Populations | Genetic diversity | Genetic differentiation | ||||||
---|---|---|---|---|---|---|---|---|
A e | H o | uH e | F ST | |||||
Mean | 95% CI | Mean | 95% CI | Mean | 95% CI | Mean | 95% CI | |
ISQ | 1.106 (n = 4) | 1.103, 1.109 | 0.061 (n = 4) | 0.060, 0.063 | 0.077 (n = 3) | 0.075, 0.078 | 0.231 (n = 3) | 0.223, 0.234 |
1.121 (n = 8) | 1.120, 1.122 | 0.062 (n = 8) | 0.061, 0.063 | 0.080 (n = 8) | 0.080, 0.081 | |||
USA0601 | 1.134 (n = 3) | 1.133, 1.135 | 0.086 (n = 4) | 0.083, 0.088 | 0.056 (n = 4) | 0.054, 0.058 | 0.242 (n = 8) | 0.239, 0.244 |
1.105 (n = 8) | 1.101, 1.109 | 0.086 (n = 8) | 0.085, 0.087 | 0.059 (n = 8) | 0.058, 0.060 | |||
17JN | 1.162 (n = 3) | 1.158, 1.166 | 0.125 (n = 4) | 0.122, 0.128 | 0.121 (n = 3) | 0.119, 0.124 | 0.056 (n = 4) | 0.052, 0.060 |
1.175 (n = 8) | 1.174, 1.176 | 0.121 (n = 8) | 0.119, 0.122 | 0.120 (n = 8) | 0.120, 0.121 | |||
SPB | 1.131 (n = 3) | 1.127, 1.135 | 0.0101 (n = 3) | 0.0098, 0.0104 | 0.092 (n = 3) | 0.090, 0.094 | 0.070 (n = 8) | 0.067, 0.073 |
1.166 (n = 8) | 1.165, 1.167 | 0.029 (n = 8) | 0.027, 0.031 | 0.106 (n = 8) | 0.106, 0.107 |
In the USA0601 population, sample sizes more than four individuals appear to have only a trivial influence on the mean uH e when using 3,000 SNPs. The mean values of unbiased He for n = 4 was 0.056 (95% CI [0.054, 0.058]), and for n = 8, it was 0.059 (95% CI [0.058, 0.060]). Simultaneously, the ΔK line chart shows a clear peak at n = 4 (Figure 5). Moreover, small sample sizes (n = 3 or 4) were enough to recover the A e and H o for the USA0601 population (Figure 4). The ΔK line chart also shows peaks at n = 3 and 4 during this time (Figure 5).

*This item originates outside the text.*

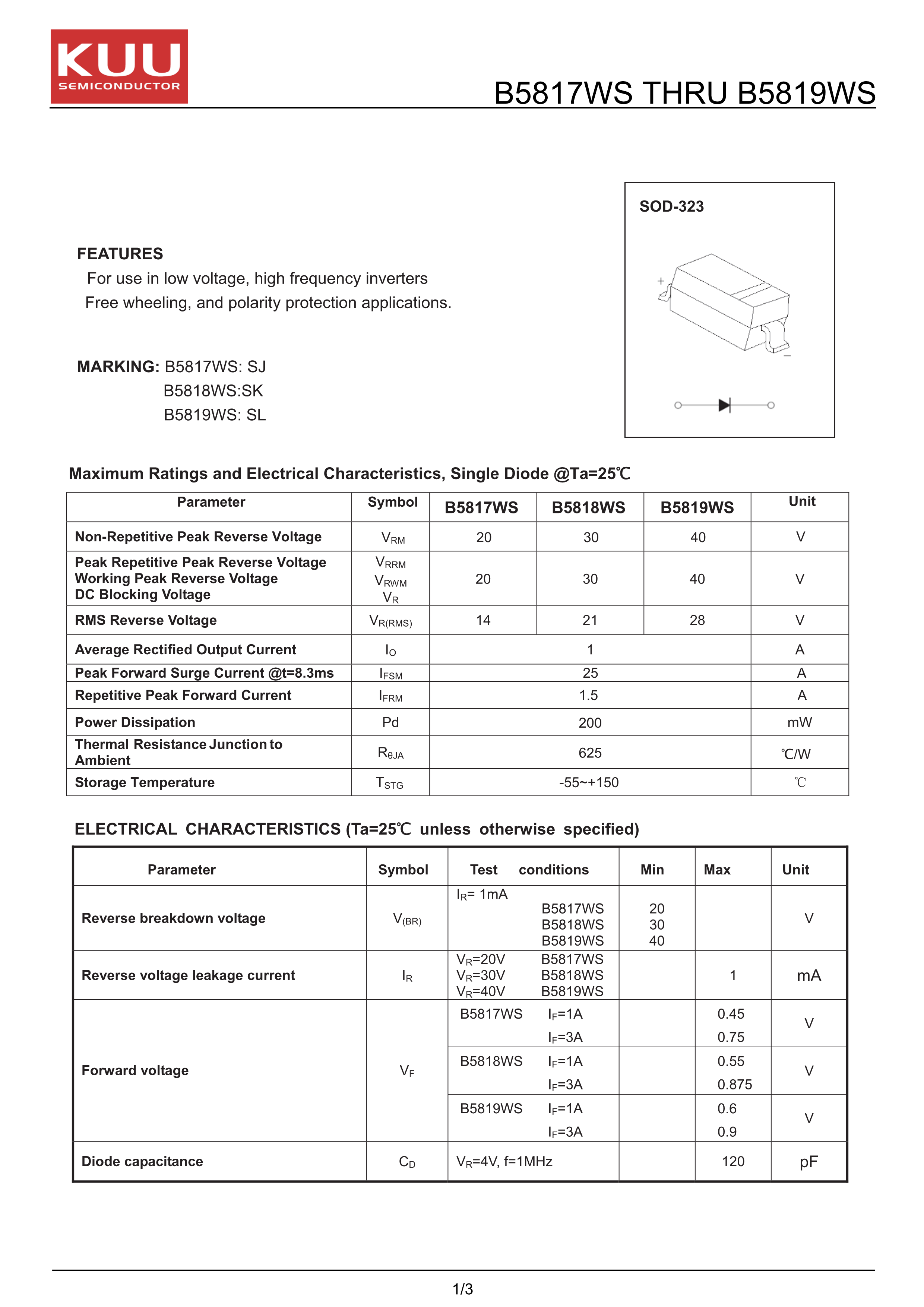 B5817WS数据手册SOD-323封装KUUPDF规格书,中英文下载
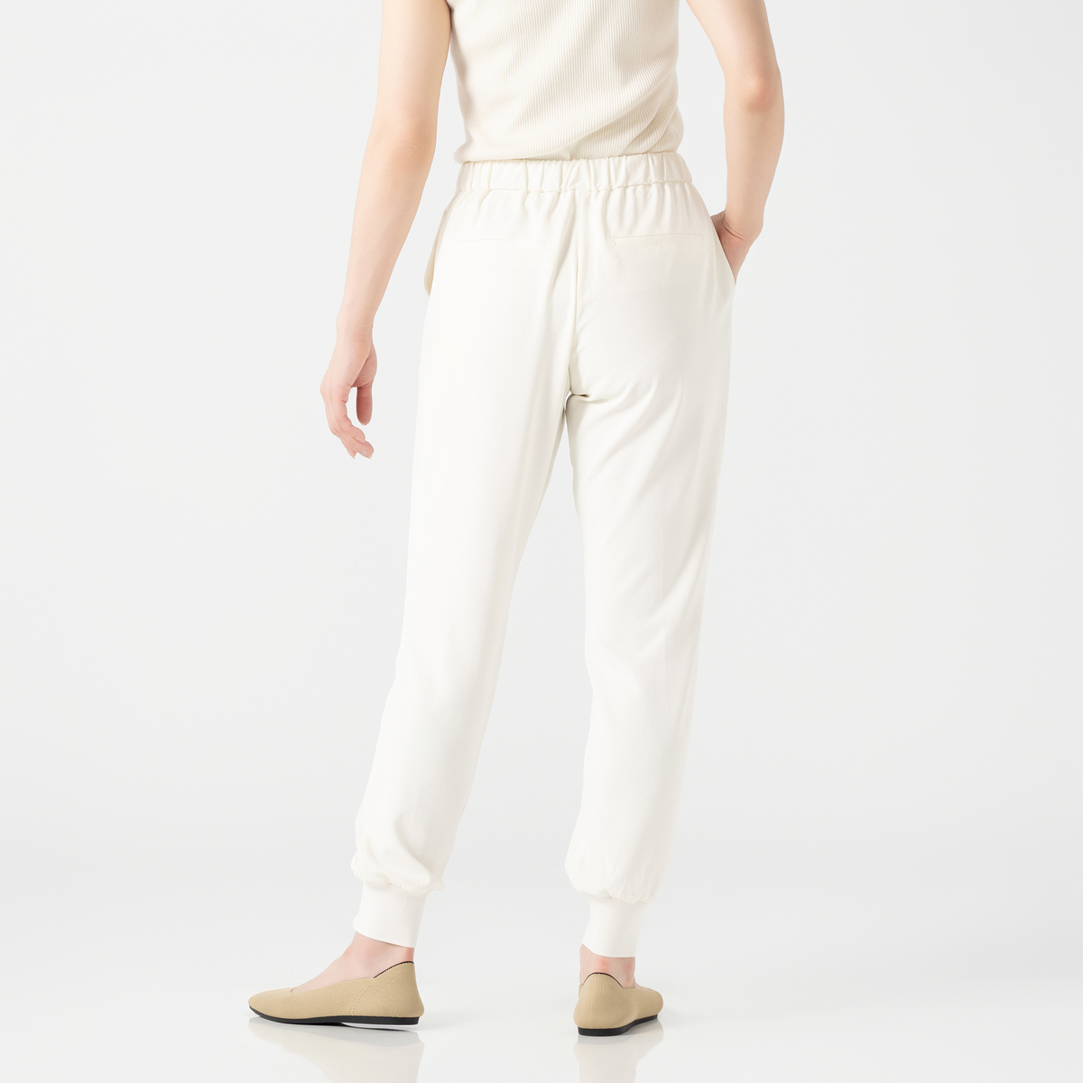 とろみ感のあるバックサテンジョーゼットのジョガーパンツ。あえてサテン目を表面に使用することで、絶妙な光沢が高級感を演出しています

In the 17JN population, sample size higher than three individuals seems to have a negligible effect on the mean uH e when 3,000 SNPs are considered. The mean values of unbiased He for n = 3 was 0.121 (95% CI [0.119, 0.124]), and for n = 8, it was 0.120 (95% CI [0.120, 0.121]) (Figure S3). Simultaneously, the ΔK line chart shows a clear peak at n = 3 (Figure S4). Moreover, small sample sizes (n = 3 or 4) were enough to recover the A e and H o for the 17JN population (Figure S3). The ΔK line chart also shows peaks at n = 3 and 4 during this time (Figure S4). Furthermore, to reduce the overlaps between subsampled replicates, we constructed simulated data sets comprised of different numbers of sample sizes (n = 2–6) and using 1,000 SNP. The results showed that a sample size greater than four individuals has little impact on estimates of genetic diversity within JN population (Figure S7).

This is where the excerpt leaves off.